For many Maori, this would mean that their political voice depends on their tribal affiliation, not simply their citizenship. If they are well connected to their iwi and aligned with its leadership, they may gain influence or access to opportunities. If they are urban, disconnected from their tribe, unsure of their genealogy, affiliated with multiple iwi, or simply uninterested in tribal politics, their voice may be effectively absent.

Importantly, tribal leadership is not elected by the general public, and, in most cases, not by the tribe as a whole either. Iwi authorities are typically governed by trustees chosen through limited rolls or internal processes. In practice, the average Maori has little or no ability to vote out iwi leaders who perform poorly, misuse funds, or pursue agendas they disagree with — yet those leaders would exercise growing power over resources, policy, and representation.

Supporters of co-governance often present it as a correction to history. But this raises an uncomfortable truth: the original treaty was signed by Maori leaders who acted prudently, not recklessly. They sought protection, order, and equal status under the Crown — not permanent tribal control over future generations. the treaty itself did not disadvantage ordinary Maori.

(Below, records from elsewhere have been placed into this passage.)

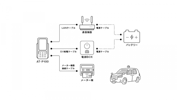 (*1)タクシー専用メーター連動決済端末「AT-P100」は、通信機器SkyBridge「MB-A130」(セイコーソリューションズ提供)と合わせて利用することで、無線決済端末として利用できます。SIM搭載で無線通信が可能なモバイル決済端末(メーター非連動型)をお選びいただくことも可能です。
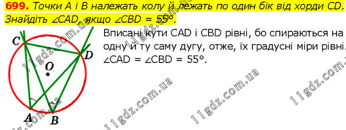 Точки A i B належать колу й лежать по один бік від хорди CD. Знайдіть ∠CAD, якщо ∠CBD = 55°. Вписані кути CAD і CBD рівні, бо спираються на одну й ту саму дугу, отже, їх градусні міри рівні. ∠CAD = ∠CBD = 55°.
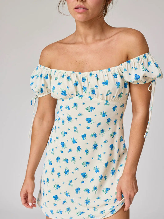 Cream & Royal Blue Floral Square Neck Ruffle Sleeve Mini Dress

For the average Maori, co-governance is unlikely to feel like empowerment; it is far more likely to feel like another layer of authority making decisions in their name, controlling resources meant for their benefit, and claiming legitimacy without meaningful accountability.

One does not need to speculate about where this path leads. The growing wealth, status, and political access of today’s Iwi leadership — alongside persistent underperformance in Maori health, education, and income outcomes — tells its own story. Power has been consolidated, assets have grown, and influence has expanded, yet the average Maori remains no better off.

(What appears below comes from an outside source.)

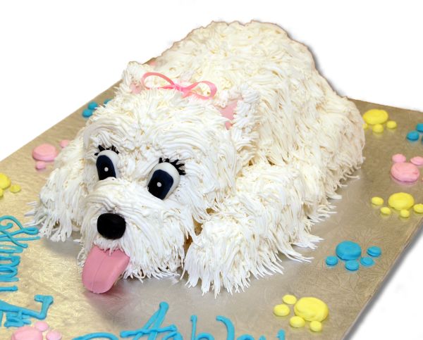 This cute little puppy can have either chocolate or white (hair) icing. Perfect for the dog lover in your life! Sculpted cakes can only have a filling of white or chocolate icing.
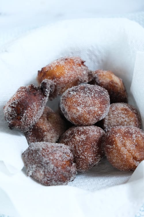 And they’re so easy to make. All you do is mix the ingredients together (it’s easiest in a stand mixer), let the dough rise, and then cook in oil until golden brown.

In New Zealand we have one of the world’s oldest democratic societies which we can be proud of.

But Te Pati Maori and others have challenged our current democratic systems of government; based on an erroneous interpretation of a requirement for a partnership under the Treaty of Waitangi, and I believe this is nothing more than a grab for control of our country based on ethnicity and disrespectful of the valuable contributions of the many other cultures that have settled here. 

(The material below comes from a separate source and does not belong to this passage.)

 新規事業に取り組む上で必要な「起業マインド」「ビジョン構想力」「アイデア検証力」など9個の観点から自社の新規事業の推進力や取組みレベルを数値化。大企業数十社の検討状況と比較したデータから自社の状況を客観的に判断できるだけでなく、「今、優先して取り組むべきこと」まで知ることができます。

The claims for a co-governance system based on ethnicity is nothing more than an attempt to introduce a system of Apartheid under a different name and has led to a significant increase in racial division in New Zealand.

In summary I believe if someone wants to achieve in New Zealand they have the options available to do so under the current systems if they wish to apply the efforts to do so.

But we will not improve anything by introducing privileges based on ethnicity other than to cause further increase in racial division within New Zealand. All citizens of our country must be considered equal irrespective of race, colour or creed.  

What we see now isn’t honouring the Treaty, it’s exploiting it. Road blocks, occupations, demands for control over assets and spectrum, all justified by interpretations that didn’t even exist until the late 20th century.

If the Treaty is about fairness, then it must apply fairly to everyone alive today, not punish people for ancestors they never had, and not privilege people for ancestry alone. Justice that depends on bloodlines isn’t justice at all.

And the final insult? It’s a tiny modern elite pushing these demands onto everyone else, including immigrants and families with no colonial history at all. While claiming moral authority over a past they themselves are descended from on both sides.

What worries me most isn’t the past, it’s what we’re normalising for our kids. Teaching them that law, opportunity, and voice depend on ancestry is the opposite of unity.

If this was really about healing, it would have ended by now. Processes that never conclude aren’t reconciliation, they’re revenue streams.

What NZ desperately needs?

New Zealand needs a real constitution or agreement that locks in equality ends race-based law, and stops 1840 ghosts and 1970s inventions from dividing us in 2026.